» GOAL OF THE EXERCISE:
Return the listing verbatim, images left out.

» PROVIDED DATA:
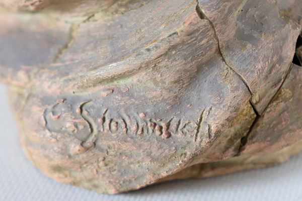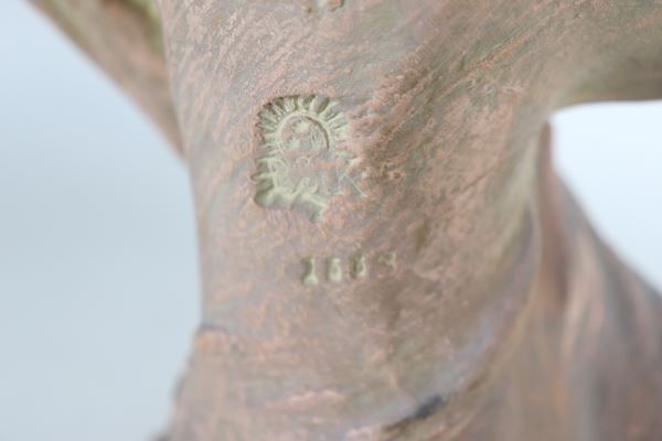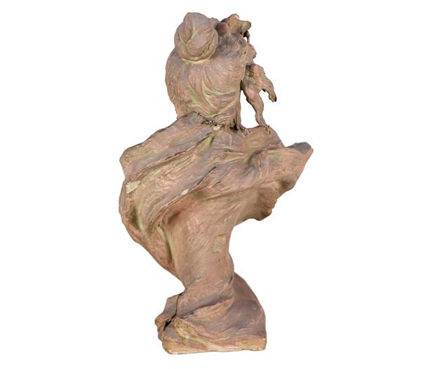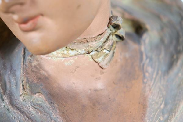 "Young lady", an ancient small French bust in patinated terracotta. Signed
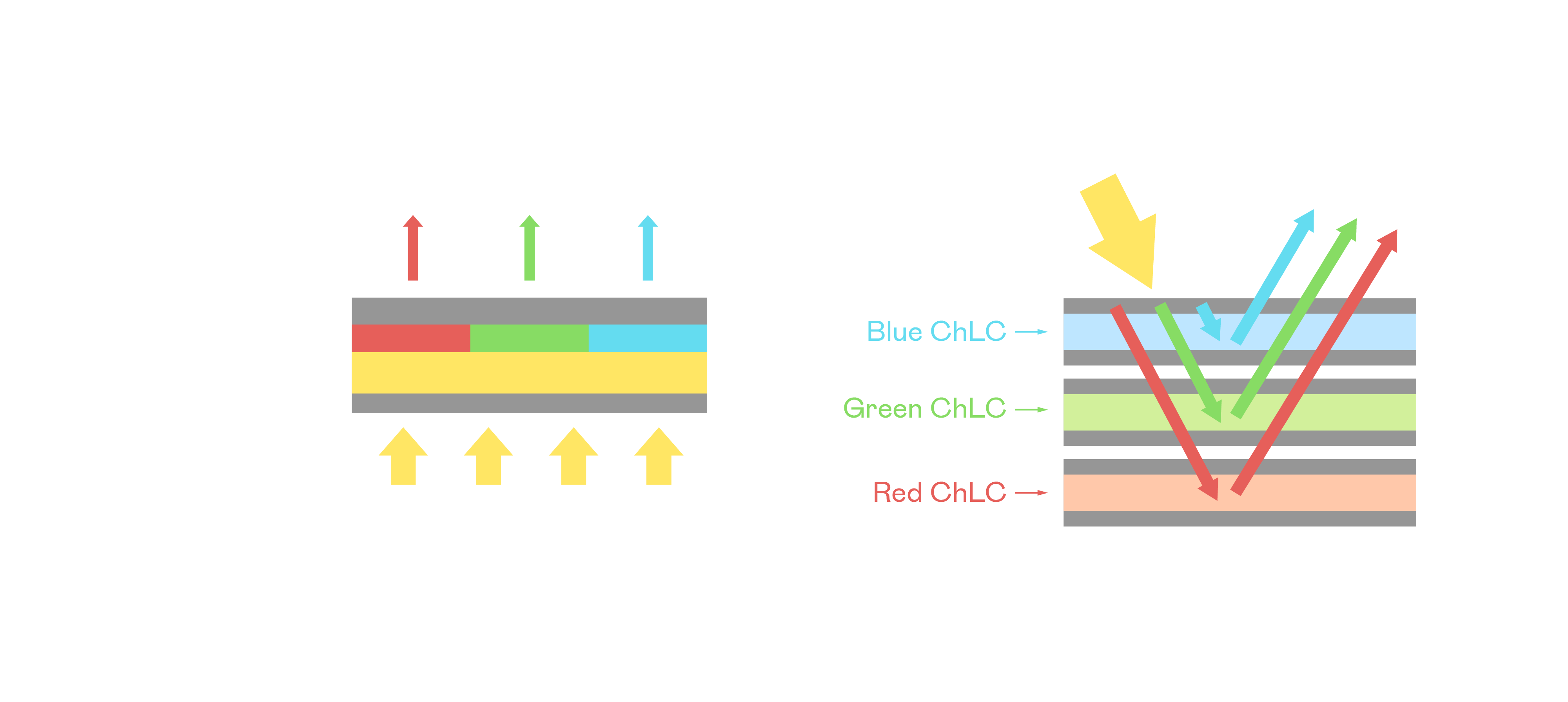 z6尊龙官方网站胆固醇液晶显示器是由红、绿、蓝三层胆固醇液晶面板堆叠而成,并采用无彩色滤光片设计,减少环境光在反射过程中的损耗。
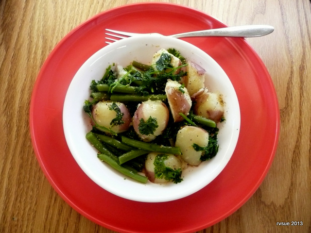 Later I boil the potatoes with the green beans and right before they’re done, I use a pair of scissors to cut the parsley into the pot.

» RESPONSE FOR THIS EXERCISE:
 "Young lady", an ancient small French bust in patinated terracotta. Signed
 z6尊龙官方网站胆固醇液晶显示器是由红、绿、蓝三层胆固醇液晶面板堆叠而成,并采用无彩色滤光片设计,减少环境光在反射过程中的损耗。
 Later I boil the potatoes with the green beans and right before they’re done, I use a pair of scissors to cut the parsley into the pot.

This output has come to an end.